# Would you consider a Percheron X a good dressage horse? why or why not?



## Piaffe (Jan 11, 2010)

Thanks!


----------



## nrhareiner (Jan 11, 2009)

My vet has one. Percheron sire out of a very very nice trakaner/TB cross mare.

This is the mare at 2. She is now 4 or 5 and doing very well in Dressage.


----------



## draftrider (Mar 31, 2010)

It would depend on the horse and its build. All horses of one breed are not built the same. Look for a perch with a more sloping shoulder versus an upright shoulder, and one that can track his back legs well under him. My perch is a level 2 trained horse, but I don't ride dressage myself, I'm more of a pleasure rider. Maybe someday!


----------



## IslandWave (Nov 25, 2009)

Forrest Hill Farm breeds Percheron/Thoroughbred horses and they are rather impressive horses. :wink:
Forrest Hill Farm dressage breeders history


----------



## roro (Aug 14, 2009)

I typically hear more about PercheronxTB crosses in the jumping/eventing ring, but they certainly can do dressage, just typically not to the extent that breeds bred for the discipline can.


----------



## Alwaysbehind (Jul 10, 2009)

draftrider said:


> It would depend on the horse and its build. All horses of one breed are not built the same. Look for a perch with a more sloping shoulder versus an upright shoulder, and one that can track his back legs well under him.


This.

Not something you can make a blanket statement on.

Draft horses (generalization) are designed to pull with their strong front ends. Their back ends are not designed to push underneath like you want in a dressage horse.

It also depends on what level of dressage you are aiming to do. Any horse can do lower levels.


----------



## mom2pride (May 5, 2009)

I have almost bought a couple of Perch crosses, because their movement was very good for dressage; unfortunately there had been other people there before, me, and they purchased the horses...

I do think it's going to come down with how the horse has been bred though, and not so much about the 'cross'...the ones I was after were both Paint crosses. But their parents both complimented each other, so the resulting babies had nice build, and nice movement.


----------



## SorrelHorse (Apr 9, 2009)

It would depend on the horse. I've seen ShireXTB crosses and PercheronXTrakhener Dressage before.


----------



## QHDragon (Mar 6, 2009)

There was a HUGE debate on this just a little bit ago. It all depends on the build and breeding of the horse. Some crosses come out really good and some (even the same cross) come out not so good. Either way any horse can do dressage, it also depends on how competitive you really want to be.


----------



## White Foot (Jun 4, 2009)

My boss has one, she does level three? Whenever I watch her ride it's beautiful, however, I can hear the horse from a mile away. And you can tell she has to work hard.


----------



## maura (Nov 21, 2009)

To sort of recap the previous thread on the subject:

A cross resists generalizations because a cross doesn't run true to type - you can have a Perch/TB cross that comes out looking almost entirely like the Perch parent, entirely like the TB parent, or a combination of the worst traits of both. Or you can have a happy result and get a Perch/TB cross that has the warmblood type conformation that's ideal for dressage, but that's statistically less common. (In the previous thread, a poster get very upset at the criticism of draft crosses as sport horses and post photos of some gorgeous 50% draft crosses that looked and performed like warmbloods. Gorgeous, but not typical.)
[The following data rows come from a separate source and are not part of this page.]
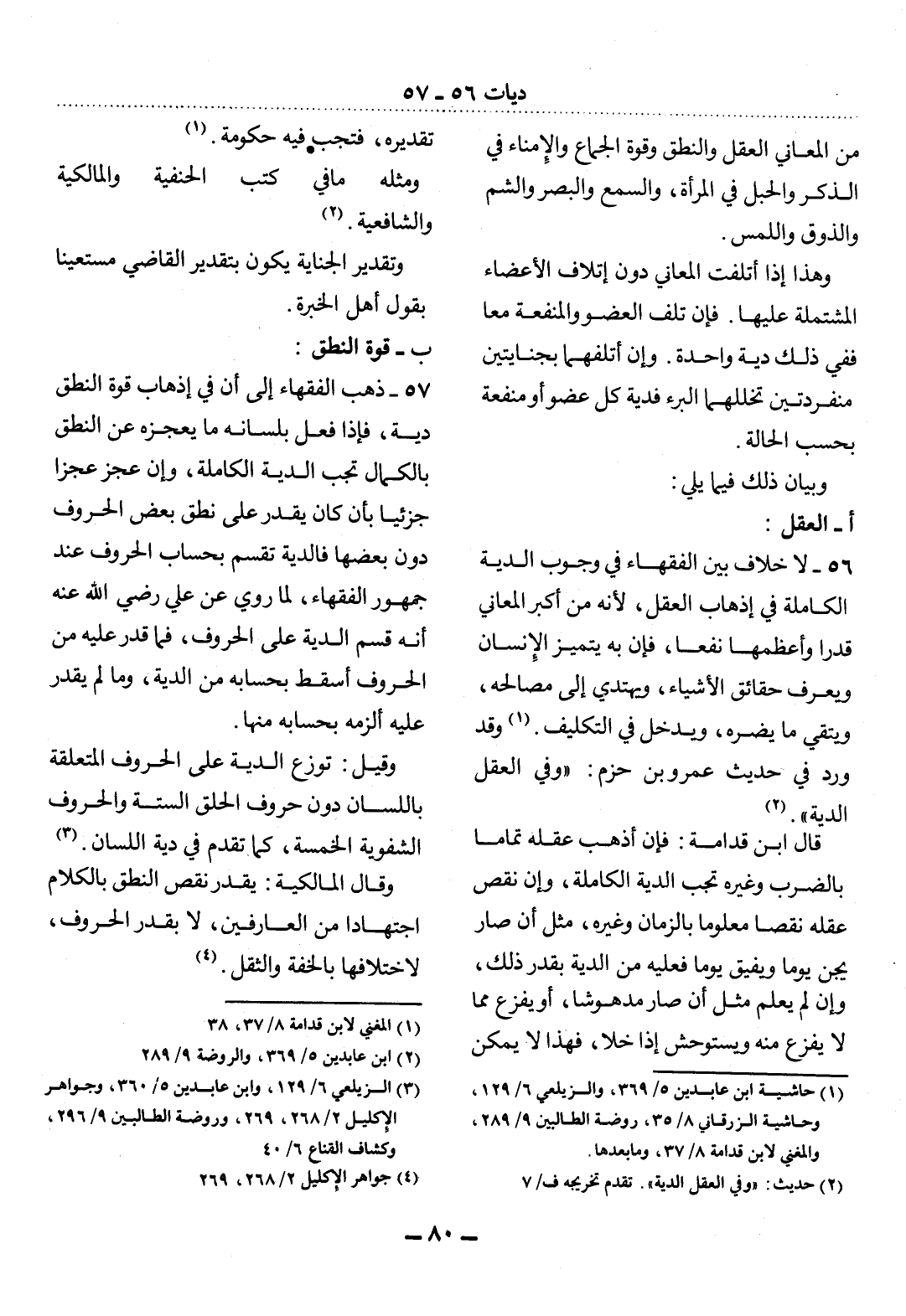 56 - لاَ خِلاَفَ بَيْنَ الْفُقَهَاءِ فِي وُجُوبِ الدِّيَةِ الْكَامِلَةِ فِي إِذْهَابِ الْعَقْل؛ لأَِنَّهُ مِنْ أَكْبَرِ الْمَعَانِي قَدْرًا وَأَعْظَمِهَا نَفْعًا، فَإِنَّ بِهِ يَتَمَيَّزُ الإِْنْسَانُ وَيَعْرِفُ حَقَائِقَ الأَْشْيَاءِ، وَيَهْتَدِي إِلَى مَصَالِحِهِ، وَيَتَّقِي مَا يَضُرُّهُ، وَيَدْخُل فِي التَّكْلِيفِ (1) . وَقَدْ وَرَدَ فِي حَدِيثِ عَمْرِو بْنِ حَزْمٍ: وَفِي الْعَقْل الدِّيَةُ (2) .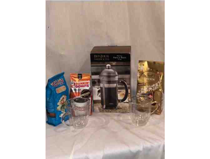 Coffee & Tea - 8 Cup French Press, 2 Mugs, Two Packages of Coffee & Bag of Chocolates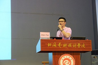 讲座伊始,Jean Poh给大家讲述他在国外工作时的趣事,从而引出大众对动画行业的看法——“神龙见首不见尾”、难以接触 ,并提出“动画行业=娱乐业”这一新的理念,引起在场师生强烈的好奇心。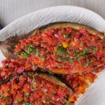 -Peel eggplants alternatively from the skin lengthways & prick with fork (don’t remove the head).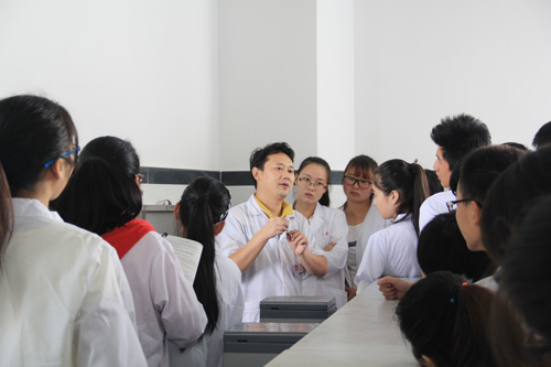 检验科何巍巍老师分理论教学和实验示范两部分,详细讲解了“活化部分凝血活酶时间测定”和“血浆凝血酶原时间测定”两个实验。何老师准备充分,条理清晰,深入浅出地进行授课,风趣幽默的语言吸引同学们聚精会神听讲,积极互动,课堂纪律良好。胡副院长对同学的实验操作进行指导,激发同学们的发散性思维,并亲切询问同学们在焕然一新的实验室的听课感受。同学们高兴地说,感觉很好,教室亮堂、宽敞,实验设备齐全。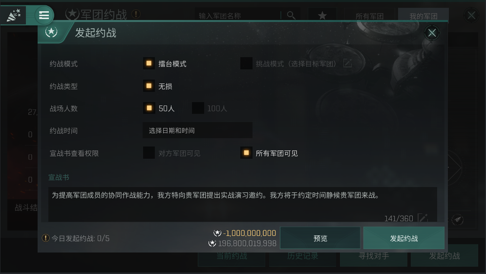 拥有相关权限的军团管理成员才能发起/接受/拒绝约战,也可以在当前约战中查看已发起及待处理的约战记录。

So you'd be better off analyzing the confo of the individual horse for suitability for dressage rather than trying to make a generalization about the cross. 

Also, you need to consider exactly what you want the horse to do - almost any sound horse can do training and first level, however, if you want to show and be competitive, it's best to have a horse that looks the part and has the movement. If you have aspirations above second level, you must evaluate the horse for its ability to collect.


----------



## ~*~anebel~*~ (Aug 21, 2008)

In general, horses with draft blood do not have correct movement for dressage. Draft horses do not have a moment of suspension in their gait, which is crucial to dressage.
As previously mentioned, they are also built to pull, not carry.

I would not recommend a draft cross as a dressage prospect, although they can do lower levels. A very well built one might potentially make it to PSG, but I think you would be extremely hard pressed to find a draft cross that can perform a piaffe/passage correct enough to show at GP.


----------



## Sea To Sky (Nov 29, 2009)

A friend of mine was schooling and competing one who was doing really well, and had huge stunning movement but he was built like a tank!


----------



## mct97 (Jan 19, 2010)

If it's crossed with TB then it could probably do it...basically a warmblood. Mostly depends on build and movement though.


----------



## Indyhorse (Dec 3, 2009)

mct97 said:


> If it's crossed with TB then it could probably do it...basically a warmblood. Mostly depends on build and movement though.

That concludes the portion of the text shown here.